So beschreibt der Journalist Henrik Merker am Montagabend die Situation in Chemnitz. Er arbeitet für den ZEIT-Blog Störungsmelder und berichtete via Periscope live vom Aufmarsch gewalttätiger Neonazis und anderer Demonstranten.

Nach den Ausschreitungen vom Sonntag hatte die Chemnitzer Polizeipräsidentin Sonja Penzel noch am Nachmittag versichert, die Polizei werde nicht zulassen, dass Chaoten die Stadt vereinnahmen. Doch genau das ist passiert.

Rund 6.000 Menschen aus dem rechten Lager sind in Chemnitz auf die Straße gegangen, wie Sachsens Innenminister Roland Wöller am Dienstagmittag auf einer Pressekonferenz mitgeteilt hat.

Dazu kamen rund 1.000 die gegen rechte Gewalt demonstrierten. Dazwischen: 600 Polizisten.

Beobachter schätzten Teilnehmerzahl realistisch ein

Erst war die Stimmung nur angespannt. Demonstranten skandierten "Wir sind das Volk", zeigten den Hitlergruß. Irgendwann entluden sich Hass und Wut in Krawallen. Bengalos und Feuerwerkskörper wurden gezündet. Gegenstände flogen. Es gab Schlägereien.

Die Bilanz: mindestens 18 Verletzte - und jede Menge Kritik an der Polizei.

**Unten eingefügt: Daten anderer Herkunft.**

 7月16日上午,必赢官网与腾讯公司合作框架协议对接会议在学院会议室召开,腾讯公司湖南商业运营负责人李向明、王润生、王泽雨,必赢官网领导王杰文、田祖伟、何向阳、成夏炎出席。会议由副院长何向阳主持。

Die hat noch am Abend zugegeben, nicht mit so vielen Teilnehmern gerechnet zu haben. Beobachter wie Henrik Merker oder Johannes Grunert, ebenfalls freier Journalist, fragen sich, wie die Polizei zu einer solchen Fehleinschätzung kommen konnte.

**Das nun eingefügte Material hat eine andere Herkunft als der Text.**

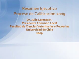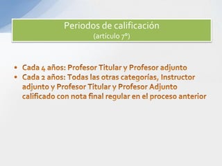 Este documento describe los procedimientos y comisiones involucradas en el proceso de calificación de académicos. Establece las fechas de inicio y término del proceso, así como la constitución de las Comisiones de Calificación, Apelación y Superior. Explica cómo se realiza la calificación, los recursos disponibles y las funciones de cada comisión en el proceso.
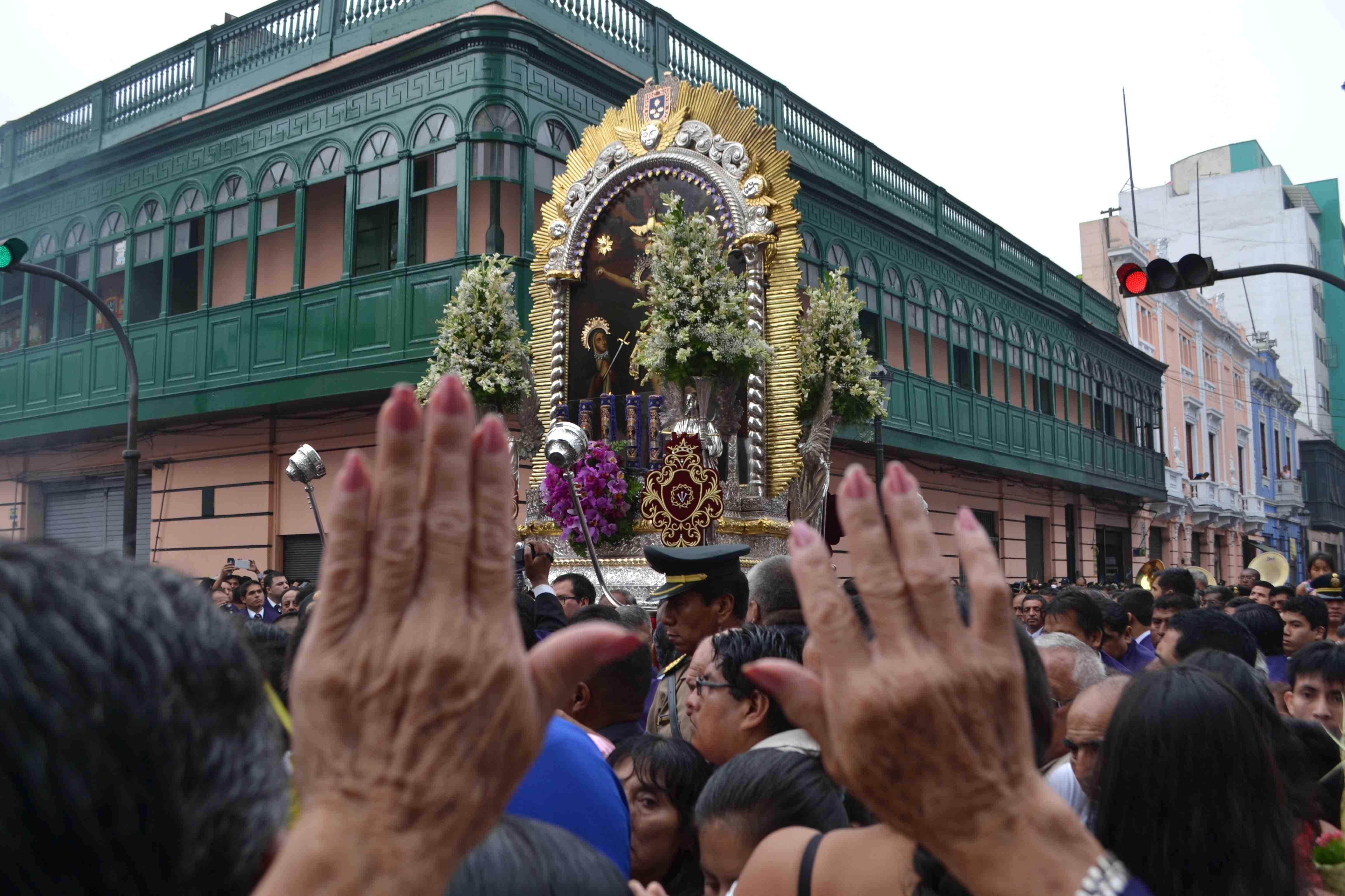 Figure 10. Procession du Christ des Miracles organisée par la confrérie du Seigneur des Miracles de l’Eglise des Nazarenas (HSMN) (Sierra, 2013).

Immerhin wurde der Aufruf zum Aufmarsch des rechten Bündnisses Pro Chemnitz schon am Sonntag weit über 2.000 mal geteilt.

Landespolizeipräsident Jürgen Georgie hat am Dienstag erläutert, wie die Polizei zu ihrer Einschätzung kam: Die Zahl der zu den Demos angemeldeten Teilnehmer habe sich auf 1.500 belaufen. Aufgrund von Erfahrungswerten hätten sich die Verantwortlichen "guten Gewissens" darauf verständigt, von der doppelten Anzahl an Demonstranten auszugehen.

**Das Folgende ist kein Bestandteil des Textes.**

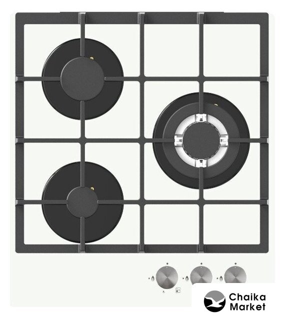 газовая на 3 конфорки, закаленное стекло, мощность: 6200 Вт, автоматический электроподжиг, газ-контроль, решетки: чугун, независимая установка, размеры (ШхГ): 45x51 см

Dass es am Ende fast fünfmal so viele wurden, habe auch an der "erheblichen Mobilisierung weit über Landesgrenze hinaus" gelegen, sagte Innenminister Wöller. Es seien Chaoten und Hooligans aus Nordrhein-Westfalen, Niedersachsen, Thüringen, Berlin und Brandenburg angereist.

Ob die Polizei nur deshalb derart unterbesetzt war, weil sie die Situation unterschätzt hat? Oder ob schlichtweg nicht genug Polizisten verfügbar waren?

Angespannte Personalsituation

Zumindest die Gewerkschaft der Polizei (GdP) stellt einen Zusammenhang zur Personalsituation bei der Polizei her. Der jahrelange Abbau von insgesamt 16.000 Stellen habe dazu geführt, dass alle Einsatzkräfte stets verplant seien.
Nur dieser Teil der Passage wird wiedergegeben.